DATA EXTRACTS |

▬▬▬▬▬▬▬▬▬▬

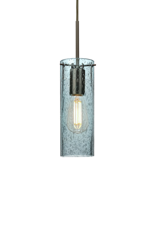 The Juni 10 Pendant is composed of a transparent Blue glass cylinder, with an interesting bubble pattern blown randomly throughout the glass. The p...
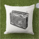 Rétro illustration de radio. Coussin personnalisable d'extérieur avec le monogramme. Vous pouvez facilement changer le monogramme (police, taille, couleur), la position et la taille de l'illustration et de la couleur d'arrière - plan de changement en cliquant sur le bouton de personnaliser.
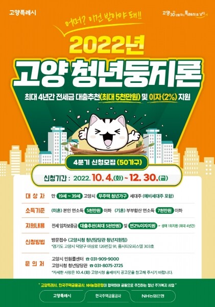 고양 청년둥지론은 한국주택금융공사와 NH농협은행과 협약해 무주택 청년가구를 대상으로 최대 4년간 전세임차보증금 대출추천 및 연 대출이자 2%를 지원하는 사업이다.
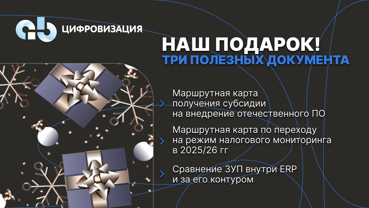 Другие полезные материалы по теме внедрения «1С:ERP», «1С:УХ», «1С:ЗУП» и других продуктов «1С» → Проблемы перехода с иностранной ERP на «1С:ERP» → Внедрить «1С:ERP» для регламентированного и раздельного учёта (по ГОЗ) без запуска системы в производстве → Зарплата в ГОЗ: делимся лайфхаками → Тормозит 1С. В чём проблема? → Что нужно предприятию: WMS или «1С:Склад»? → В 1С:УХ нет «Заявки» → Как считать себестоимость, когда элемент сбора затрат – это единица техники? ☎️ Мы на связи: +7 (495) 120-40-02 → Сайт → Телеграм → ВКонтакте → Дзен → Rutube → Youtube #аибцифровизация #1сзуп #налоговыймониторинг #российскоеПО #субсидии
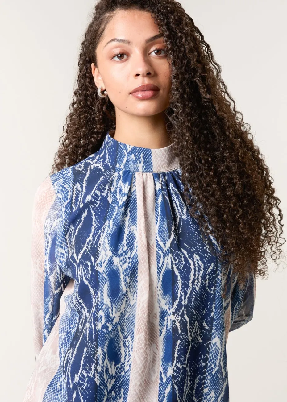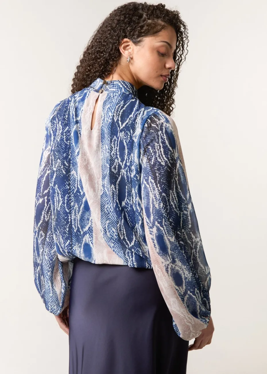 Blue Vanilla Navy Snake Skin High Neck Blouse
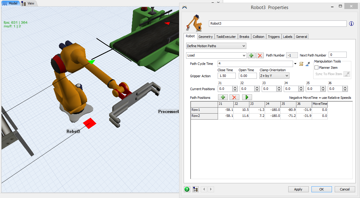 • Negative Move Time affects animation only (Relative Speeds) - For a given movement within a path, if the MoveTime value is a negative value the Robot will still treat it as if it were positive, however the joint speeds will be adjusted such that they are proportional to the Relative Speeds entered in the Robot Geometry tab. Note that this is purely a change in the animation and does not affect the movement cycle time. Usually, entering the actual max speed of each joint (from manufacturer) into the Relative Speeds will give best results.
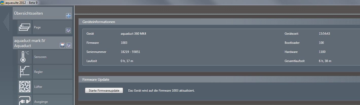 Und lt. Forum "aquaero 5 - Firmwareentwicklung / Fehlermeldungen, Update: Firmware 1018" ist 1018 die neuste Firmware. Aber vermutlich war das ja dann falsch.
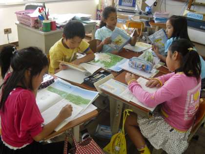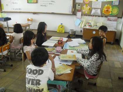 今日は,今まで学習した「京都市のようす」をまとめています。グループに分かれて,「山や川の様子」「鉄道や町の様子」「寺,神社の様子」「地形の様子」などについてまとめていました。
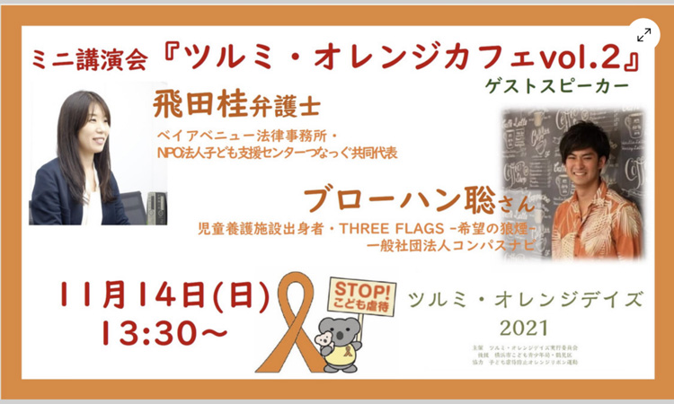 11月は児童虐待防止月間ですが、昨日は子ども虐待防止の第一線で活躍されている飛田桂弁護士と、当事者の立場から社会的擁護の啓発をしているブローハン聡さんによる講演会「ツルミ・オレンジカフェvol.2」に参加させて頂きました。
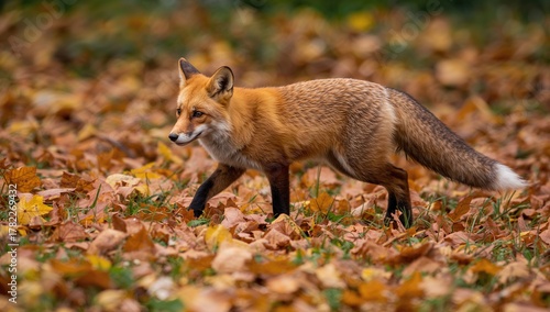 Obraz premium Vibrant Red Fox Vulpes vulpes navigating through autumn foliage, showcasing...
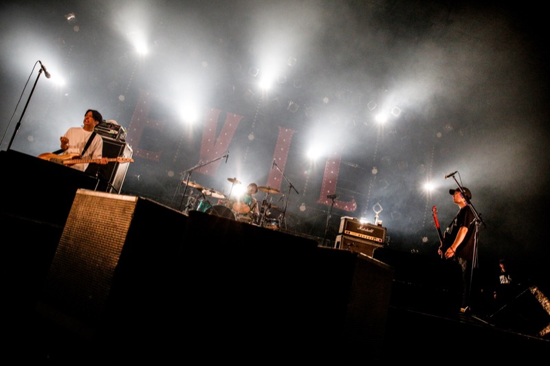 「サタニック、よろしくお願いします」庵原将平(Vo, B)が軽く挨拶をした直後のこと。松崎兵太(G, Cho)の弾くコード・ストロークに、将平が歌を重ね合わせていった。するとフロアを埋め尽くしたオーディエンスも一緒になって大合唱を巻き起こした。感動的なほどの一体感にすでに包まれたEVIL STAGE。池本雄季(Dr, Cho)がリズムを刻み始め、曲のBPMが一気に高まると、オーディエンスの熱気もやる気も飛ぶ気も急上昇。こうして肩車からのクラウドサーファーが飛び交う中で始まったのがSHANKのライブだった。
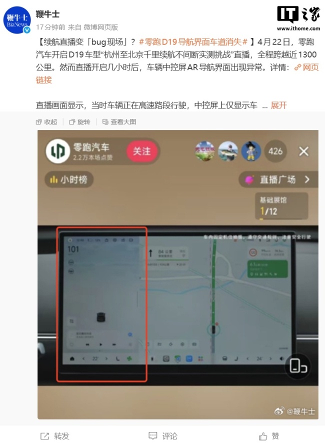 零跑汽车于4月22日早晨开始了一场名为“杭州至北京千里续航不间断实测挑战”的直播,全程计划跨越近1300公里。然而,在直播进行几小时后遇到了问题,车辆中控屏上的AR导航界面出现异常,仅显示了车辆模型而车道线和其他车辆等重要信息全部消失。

▬▬▬▬▬▬▬▬▬▬

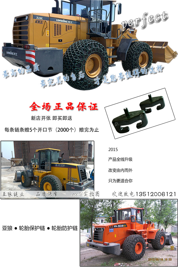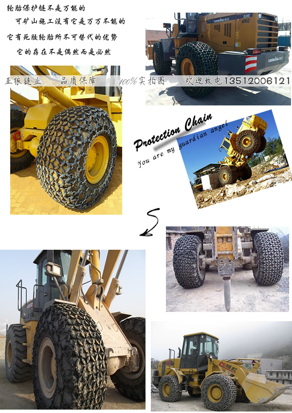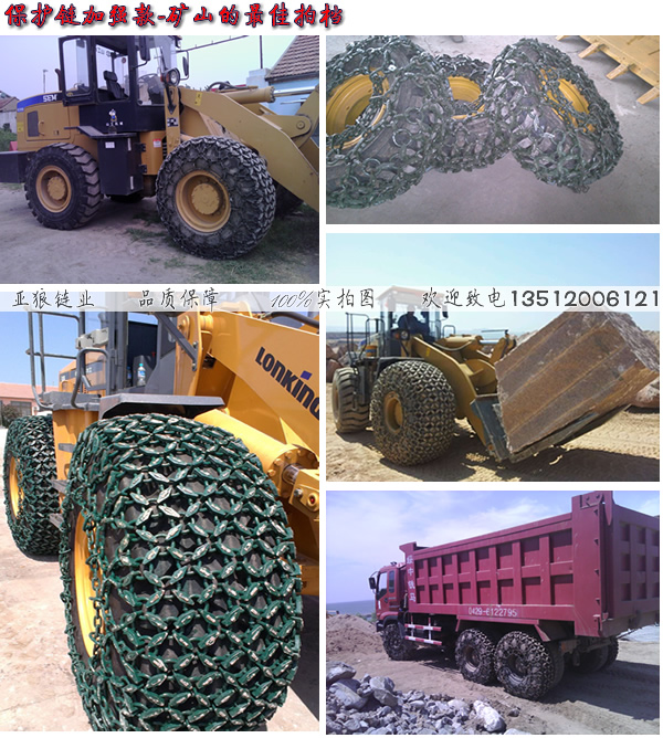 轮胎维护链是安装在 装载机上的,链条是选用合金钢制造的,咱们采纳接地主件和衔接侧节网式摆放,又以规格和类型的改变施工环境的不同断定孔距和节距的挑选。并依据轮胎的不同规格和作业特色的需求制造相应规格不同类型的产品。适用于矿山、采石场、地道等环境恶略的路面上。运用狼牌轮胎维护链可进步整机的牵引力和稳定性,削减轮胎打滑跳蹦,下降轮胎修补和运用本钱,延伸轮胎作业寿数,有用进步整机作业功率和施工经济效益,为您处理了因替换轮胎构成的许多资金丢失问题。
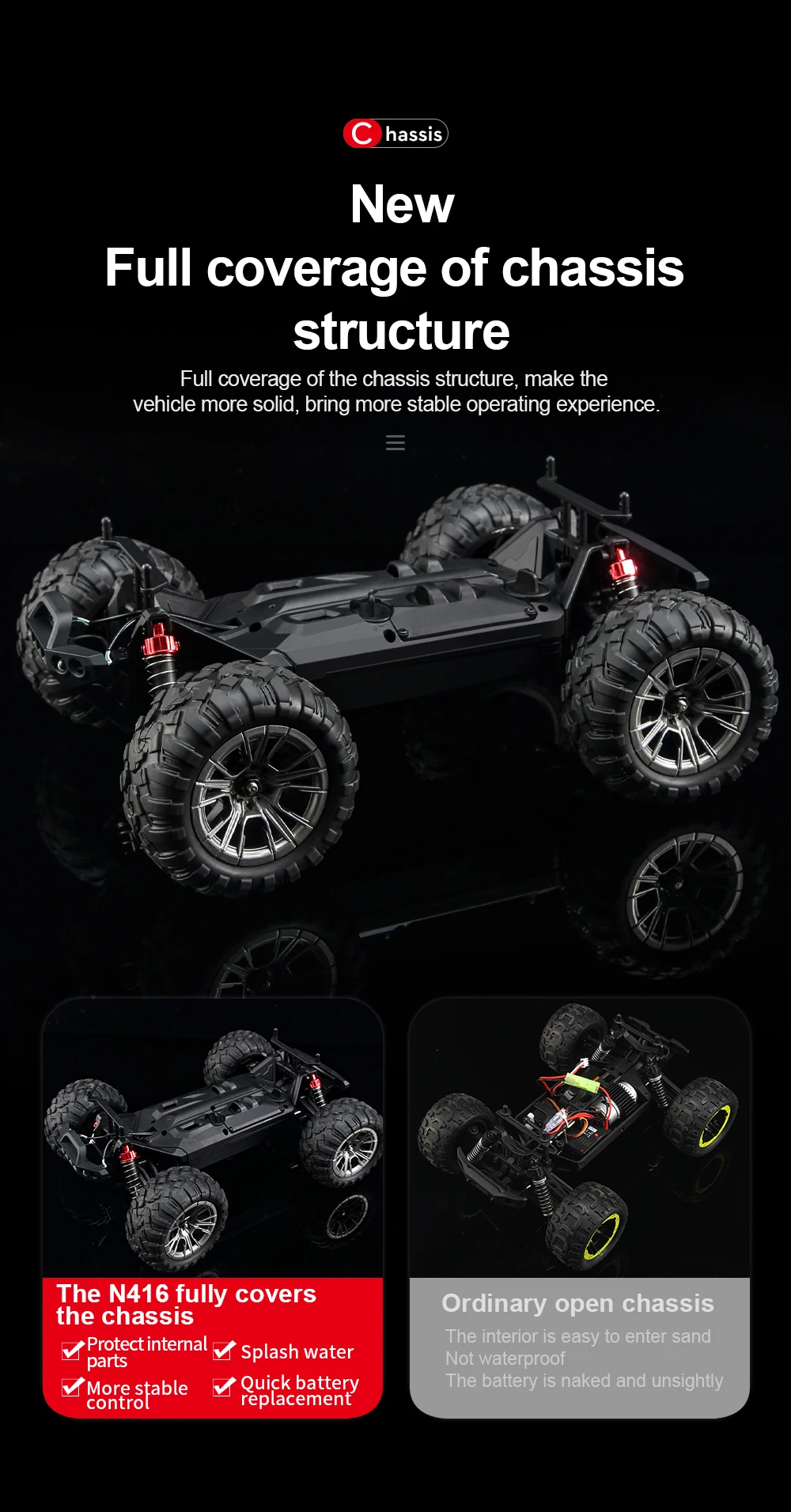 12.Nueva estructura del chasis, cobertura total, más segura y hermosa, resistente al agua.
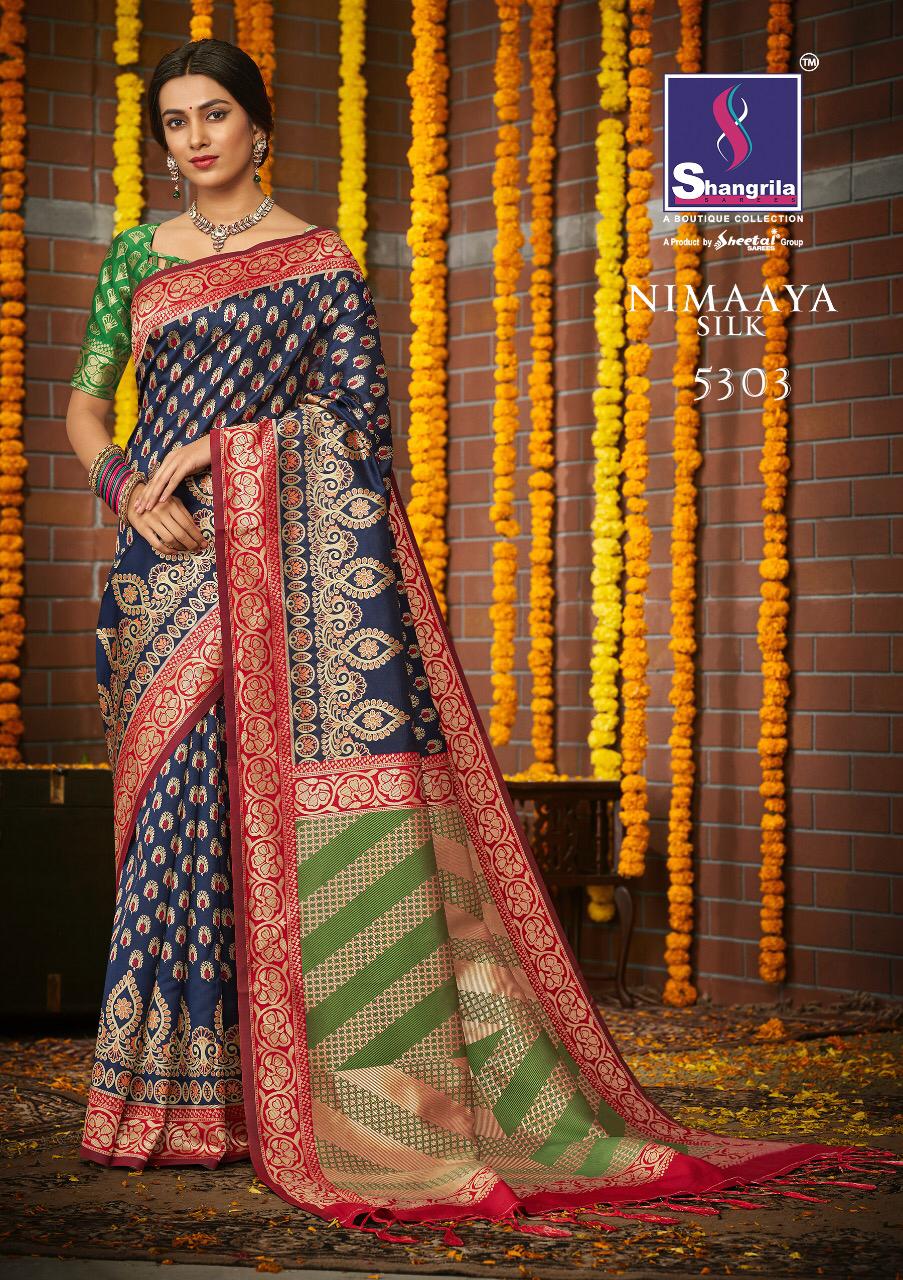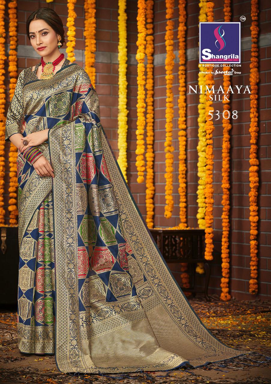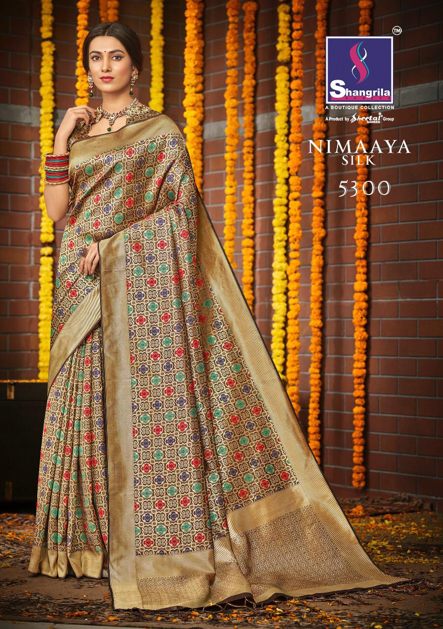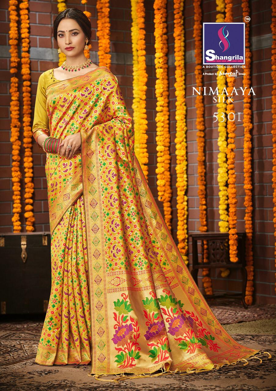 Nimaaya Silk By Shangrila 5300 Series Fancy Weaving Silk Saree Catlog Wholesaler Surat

▬▬▬▬▬▬▬▬▬▬

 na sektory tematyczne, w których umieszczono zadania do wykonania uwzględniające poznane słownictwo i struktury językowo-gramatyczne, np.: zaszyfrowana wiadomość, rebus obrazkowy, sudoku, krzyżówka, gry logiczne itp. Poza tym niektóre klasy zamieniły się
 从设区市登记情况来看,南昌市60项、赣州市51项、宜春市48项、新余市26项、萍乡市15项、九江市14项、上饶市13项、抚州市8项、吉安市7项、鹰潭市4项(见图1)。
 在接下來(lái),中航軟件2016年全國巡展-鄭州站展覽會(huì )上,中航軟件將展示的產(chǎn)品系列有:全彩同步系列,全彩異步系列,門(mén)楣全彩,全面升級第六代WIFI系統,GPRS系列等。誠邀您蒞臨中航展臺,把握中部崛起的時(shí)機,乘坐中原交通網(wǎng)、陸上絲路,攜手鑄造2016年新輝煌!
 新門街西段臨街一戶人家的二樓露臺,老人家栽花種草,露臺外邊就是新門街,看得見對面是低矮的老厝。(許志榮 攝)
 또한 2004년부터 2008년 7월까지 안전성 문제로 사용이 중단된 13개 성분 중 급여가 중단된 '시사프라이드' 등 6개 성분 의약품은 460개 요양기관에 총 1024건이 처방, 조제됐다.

▬▬▬▬▬▬▬▬▬▬

DIRECTIONS FOR THIS TASK | Copy out exactly the material that runs from the line with "The Juni 10" to the line with "고양 청년둥지론은 한국주택금융공사와", ends included, and leave the pictures behind.

RESULT |
 The Juni 10 Pendant is composed of a transparent Blue glass cylinder, with an interesting bubble pattern blown randomly throughout the glass. The p...
 Rétro illustration de radio. Coussin personnalisable d'extérieur avec le monogramme. Vous pouvez facilement changer le monogramme (police, taille, couleur), la position et la taille de l'illustration et de la couleur d'arrière - plan de changement en cliquant sur le bouton de personnaliser.
 고양 청년둥지론은 한국주택금융공사와 NH농협은행과 협약해 무주택 청년가구를 대상으로 최대 4년간 전세임차보증금 대출추천 및 연 대출이자 2%를 지원하는 사업이다.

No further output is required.